Set up the explicit finite difference equations

For each node, we can write an explicit finite difference equation relating the temperature at the current time step to the temperature at the next time step. For node 1 (the upper surface of the plate): $$ T_1^{n+1} = T_1^n + \frac{\Delta t}{\rho c_p \Delta x^2} \alpha[T_2^n - T_1^n - h(T_1^n - T_{\infty})] $$ For all other nodes (except the last one): $$ T_i^{n+1} = T_i^n + \frac{\Delta t}{\rho c_p \Delta x^2} \alpha[T_{i-1}^n -2T_i^n + T_{i+1}^n] $$ For node 4 (the lower surface of the plate): $$ T_4^{n+1} = T_4^n + \frac{\Delta t}{\rho c_p \Delta x^2} \alpha[T_3^n - T_4^n + h(T_{\infty} - T_4^n)] $$ Where \(T_i^n\) is the temperature at node \(i\) and time step \(n\), \(\Delta t\) is the time step size, \(\rho\) is the density, \(c_p\) is the specific heat, \(\Delta x\) is the nodal spacing, \(\alpha\) is the thermal diffusivity, and \(h\) is the convection heat transfer coefficient.

Determine initial conditions

The initial temperature of the entire plate is 10°C. Therefore, we can set the initial temperature values as follows: $$ T_1^0 = T_2^0 = T_3^0 = T_4^0 = 10^{\circ} \mathrm{C} $$

Implement the finite difference method

We will now implement the explicit finite difference method using the equations from step 2 and the initial conditions from step 3. We will do this iteratively until we reach the desired exposure time of 9 minutes.
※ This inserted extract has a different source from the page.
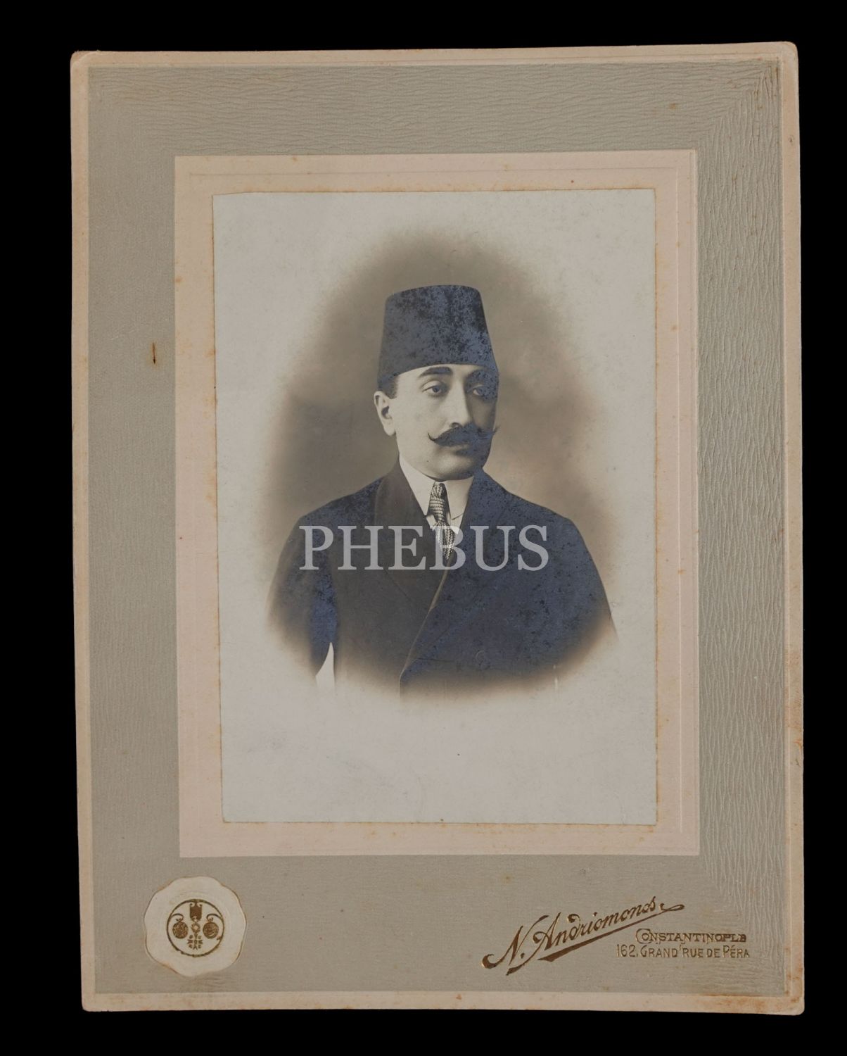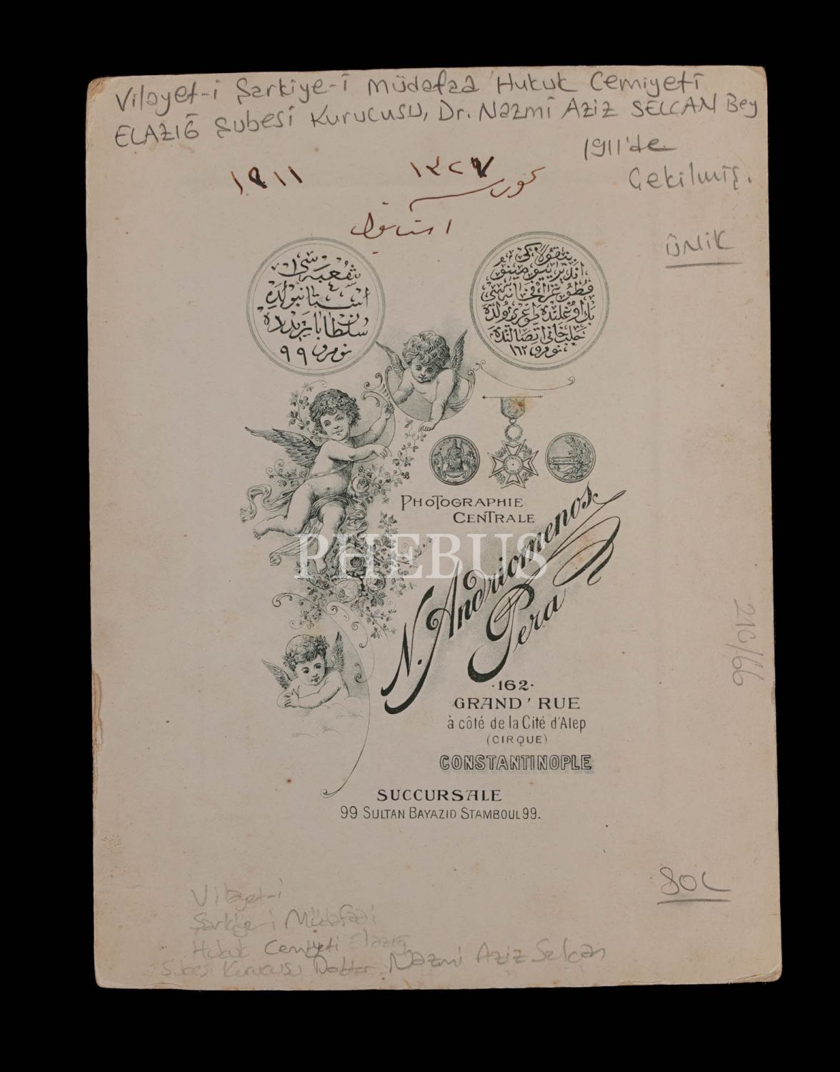 Erzurum Kongresi Elazığ Temsilcisi Doktor Nazmi Aziz (Selcen) Bey´in kabin fotoğrafı, 1911, N. (Nicolas) Andriomenos, Constantinople, fotoğraf 10x14 cm, paspartu 17x22 cm...

Check compliance with ASME Code

After we determine the temperature at each node, we need to check if the ASTM A437 B4B stainless steel bolts comply with the ASME code. According to the code, the minimum suitable temperature for this type of bolt is -30°C. Therefore, we need to check the temperature at node 4 (the location of the bolts) at the end of the 9-minute exposure time. If the temperature is above -30°C, the bolts will comply with the code.

Plot the nodal temperatures as a function of time

Finally, we will plot the temperature values at each node as a function of time using the results obtained from the finite difference method. From this plot, we can analyze how the temperature evolves over time for each node and ultimately how the bolt's temperatures are affected by exposure to the cryogenic fluid.